PROBLEM DESCRIPTION:
Look below for the line with "A bold play"; begin the copy there and stop after the line with "Pilar informasi.com PALEMBANG", keeping the text exact and the pictures out.

START DATASET EXTRACT

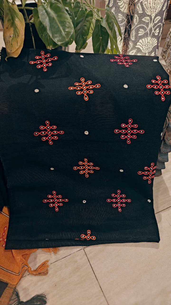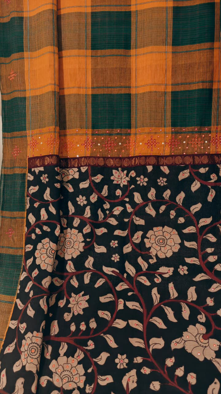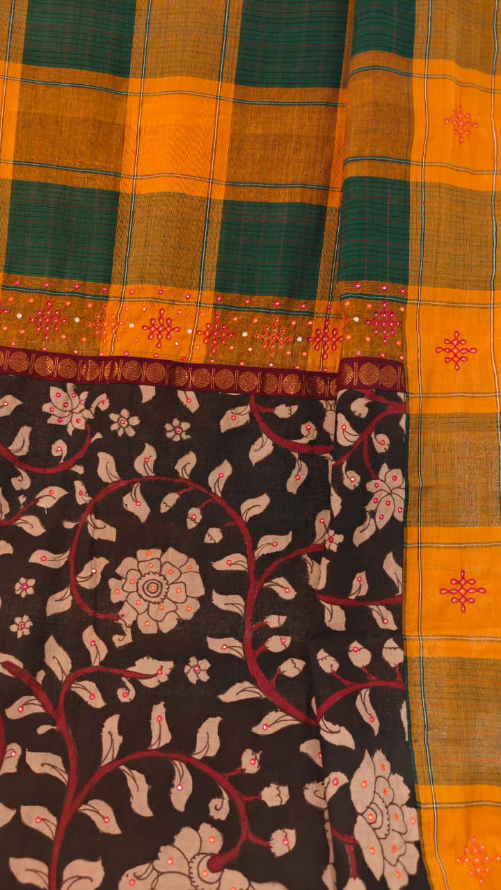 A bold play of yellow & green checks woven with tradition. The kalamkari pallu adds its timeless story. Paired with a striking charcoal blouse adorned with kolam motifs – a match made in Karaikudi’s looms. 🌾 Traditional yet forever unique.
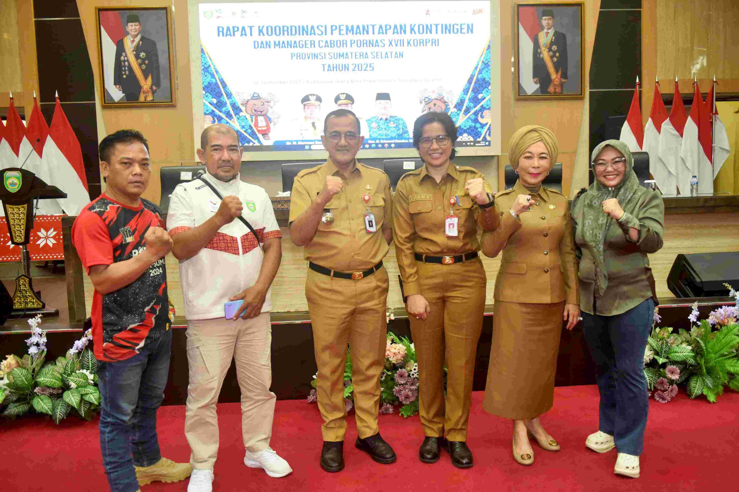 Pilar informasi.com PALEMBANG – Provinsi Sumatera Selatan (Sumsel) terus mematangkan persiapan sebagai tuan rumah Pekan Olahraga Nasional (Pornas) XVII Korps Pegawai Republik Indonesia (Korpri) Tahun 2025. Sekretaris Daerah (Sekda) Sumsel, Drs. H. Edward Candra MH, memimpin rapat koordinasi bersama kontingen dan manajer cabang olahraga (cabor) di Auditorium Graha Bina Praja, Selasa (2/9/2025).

END DATASET EXTRACT
START DATASET EXTRACT

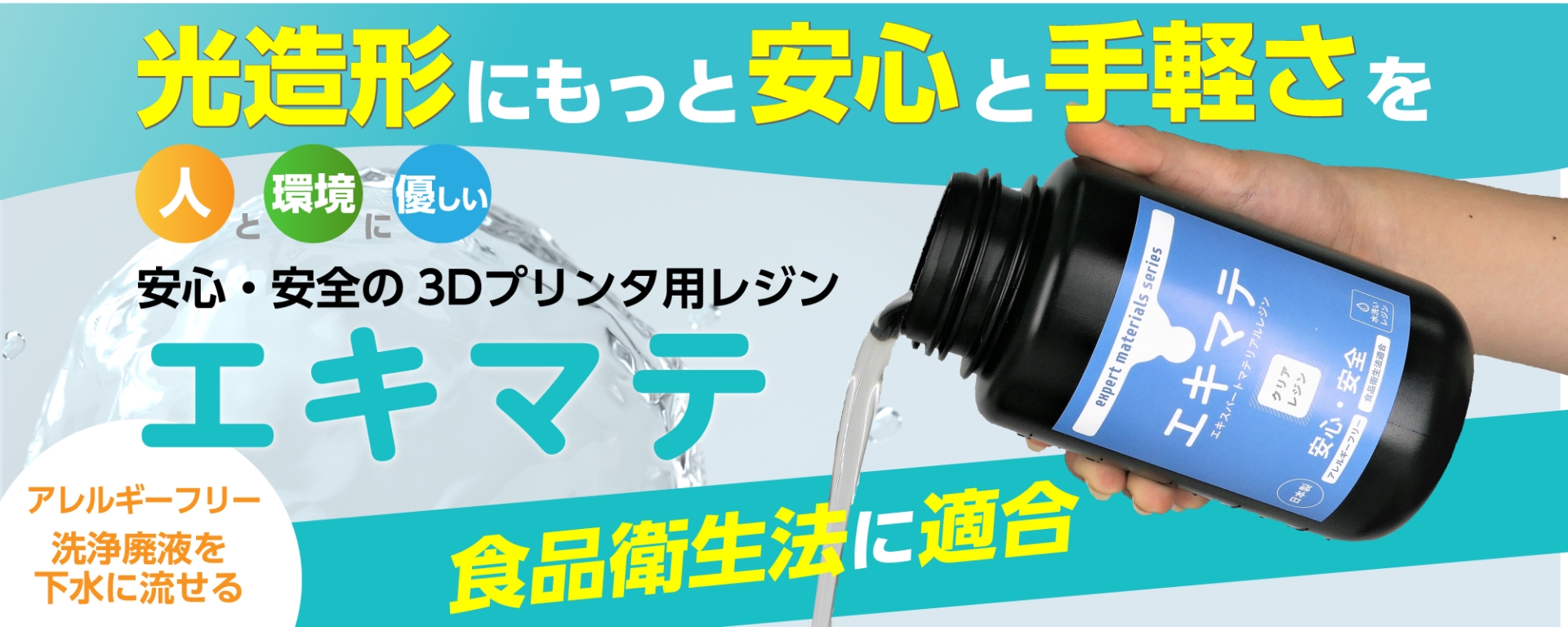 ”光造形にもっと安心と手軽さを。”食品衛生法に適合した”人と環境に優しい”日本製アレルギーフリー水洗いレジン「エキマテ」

END DATASET EXTRACT

WRITTEN ANSWER:
 A bold play of yellow & green checks woven with tradition. The kalamkari pallu adds its timeless story. Paired with a striking charcoal blouse adorned with kolam motifs – a match made in Karaikudi’s looms. 🌾 Traditional yet forever unique.
 Pilar informasi.com PALEMBANG – Provinsi Sumatera Selatan (Sumsel) terus mematangkan persiapan sebagai tuan rumah Pekan Olahraga Nasional (Pornas) XVII Korps Pegawai Republik Indonesia (Korpri) Tahun 2025. Sekretaris Daerah (Sekda) Sumsel, Drs. H. Edward Candra MH, memimpin rapat koordinasi bersama kontingen dan manajer cabang olahraga (cabor) di Auditorium Graha Bina Praja, Selasa (2/9/2025).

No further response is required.